唐德觉得自己今天也是倒霉。
他只是想要租一辆自行车,出门溜上几圈,没想到还能碰到抢劫的。
唐德当然知道西维尼亚有这种飞车贼。
他们往往不会精挑细选目標,路上瞅见可能值钱的东西,就会一把抓住。
有时候是路人的提包,有时候是脖子上的项炼。
碰到反抗的,他们连带著那个人一块扯走也是常有的事。
倘若是戴在耳朵上的耳环,將你耳朵都扯烂都是正常的。
菜一点的可能是自行车,狠一点的可能是马车。
被马车创飞也不是什么罕见的事情,甚至不值得登上报纸。
当然,碰到这些抢劫的傢伙是一件让人很头疼的事情。
多数时候是追也追不上,事后治安官找也找不到人。
如果是抢別的东西倒是无所谓,但这傢伙抢走了唐德刚抽到演唱会门票。
虽然唐德对演唱会无感,一辈子也没去过几次。
但这是他的票,是他凭藉自己的运气抽出来的。
这个抢劫犯抢的不是东西,是他的运气!
今天唐德就要让这个傢伙付出血的代价!
“抢我东西!?你找死!”骑著自行车的唐德,单手抄起吉他箱就往那抢劫犯头上砸。
还在跟雷诺爭执的抢劫犯,回头一看,视野里就全是吉他箱。
“咣!”沉闷的撞击声在街道上迴荡。
这一砸,直接將对方整个人都砸下了自行车。
而且他还顺著惯性,在路上一直翻滚,撞到了墙角才停了下来。
那贼试图用手撑著地面爬起来,但是他的膝盖刚刚弯曲,腿就一阵抽搐,整个人又软绵绵地跌倒在地上。
这就完事了?怎么可能!
唐德的双手在剎车上捏死。橡胶剎车皮在车轮上发出刺耳的摩擦声。
“哪里跑!?”车子还没有完全停稳,唐德就直接从车座上跳了下来,抡著吉他箱就是新的一轮猛攻。

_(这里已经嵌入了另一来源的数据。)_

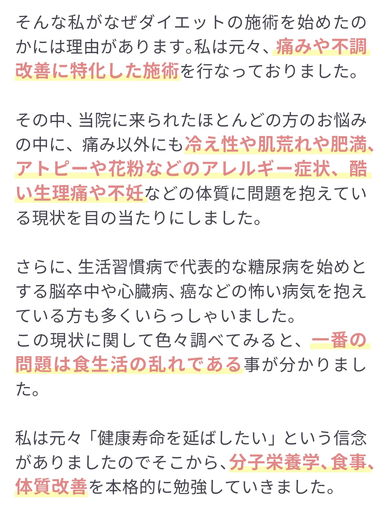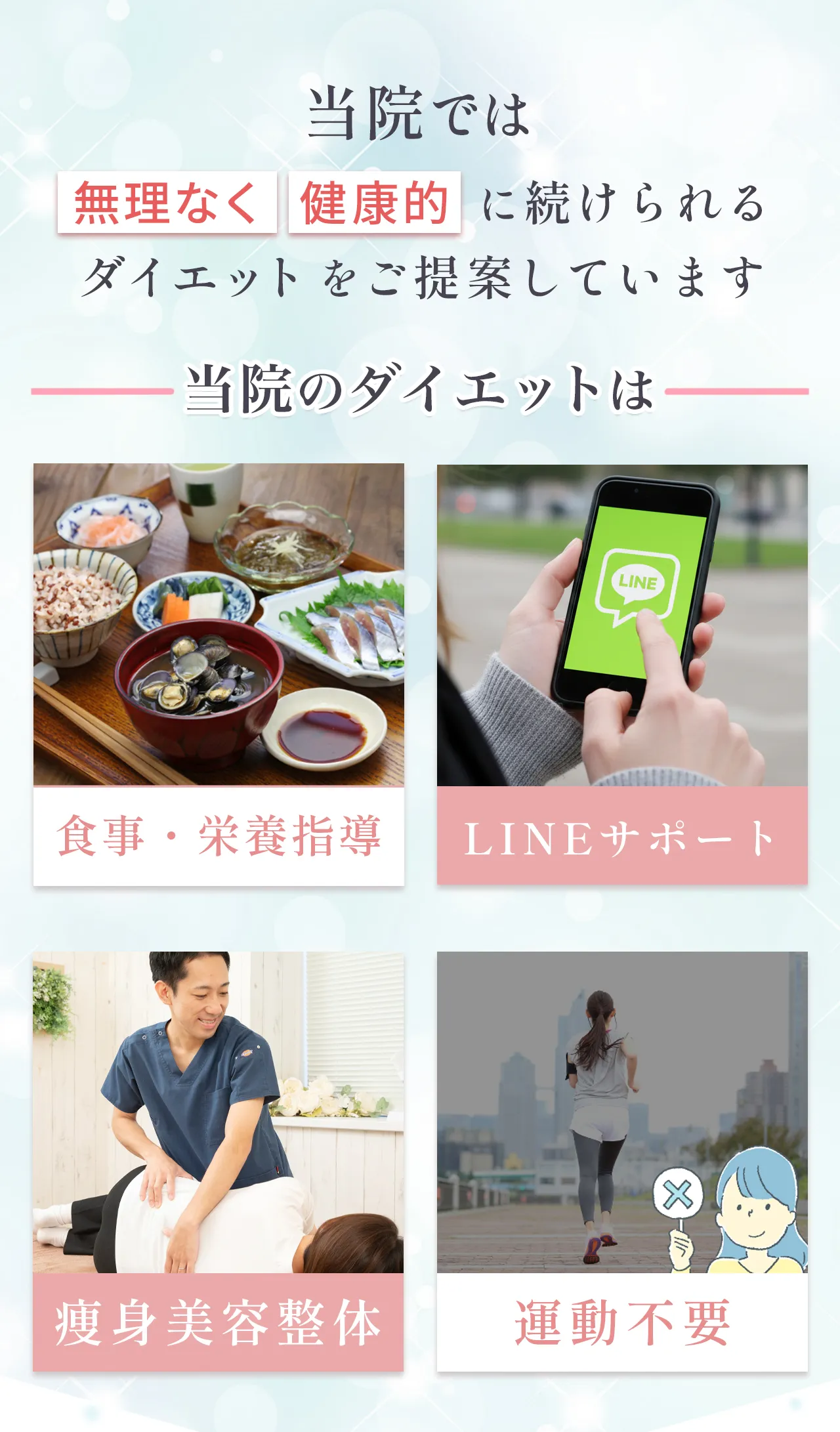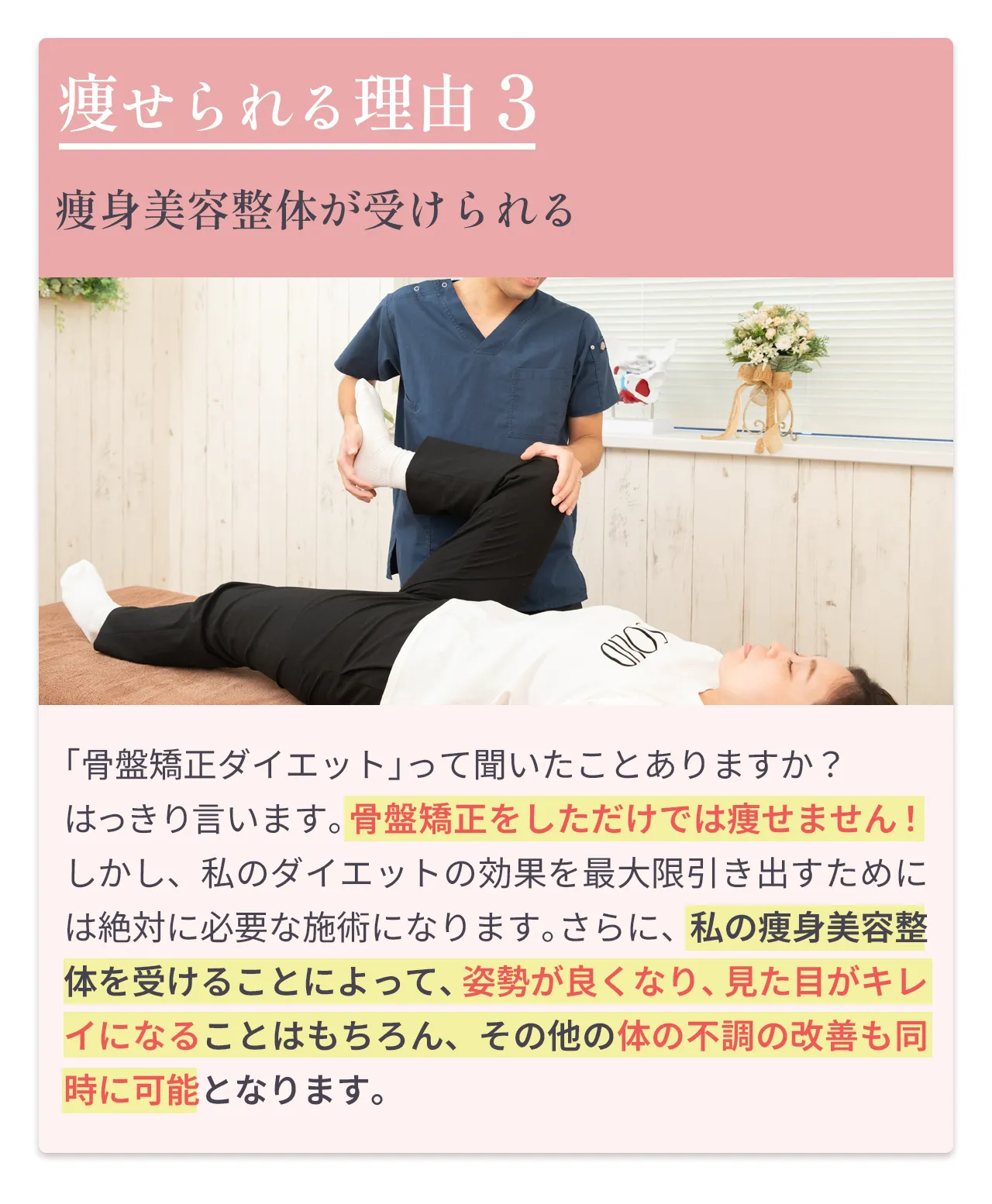 | 体の負担 | 無理なく整える、自然で健康的な方法 | 関節や筋肉に負担が かかることも… | 痛みはないが根本改善にはならない |

飞车贼在地上蜷缩成一团,双手抱住头,除了保护自己的脑袋,他什么都保护不了。
那个抢劫犯心里忍不住吐槽,他根本就没有跑!这傢伙都在说些什么!?
只不过唐德不管这么多,吉他箱继续朝著对方招呼过去。
街上登时响起了嗷嗷的叫声,惹得路人纷纷侧目。
至於那自行车,失去控制之后朝著另一边撞去。
所幸的是,它拖著雷诺,倒是没能一头扎进人群里面。
不然那些吃瓜的人反应慢一些,就要被撞一个满怀。
“呼,怎么感觉有点爽?”放下吉他箱的唐德,擦了擦额头上的汗。
地上的抢劫犯已经被唐德砸得昏厥了过去,身上青一块紫一块。
本来唐德打算守在这傢伙边上,等著治安官过来。
只不过很快唐德就想起来还有另外一个人。
我去,刚才那个小伙子可是被自行车拖了一条街!可別把他拖死了!
“你没事吧?”唐德连忙跑了过去,想要检查雷诺还有没有气。
但是还没等唐德走过去,雷诺就自己先爬了起来。
雷诺摇摇晃晃的,视线也出现很多重影。
他身上一大片皮肤被拖破,如今血淋淋的。
饶是如此,雷诺並没有倒下。
“咳咳......”雷诺咳嗽了几声,然后將嘴里的血沫吐了出来。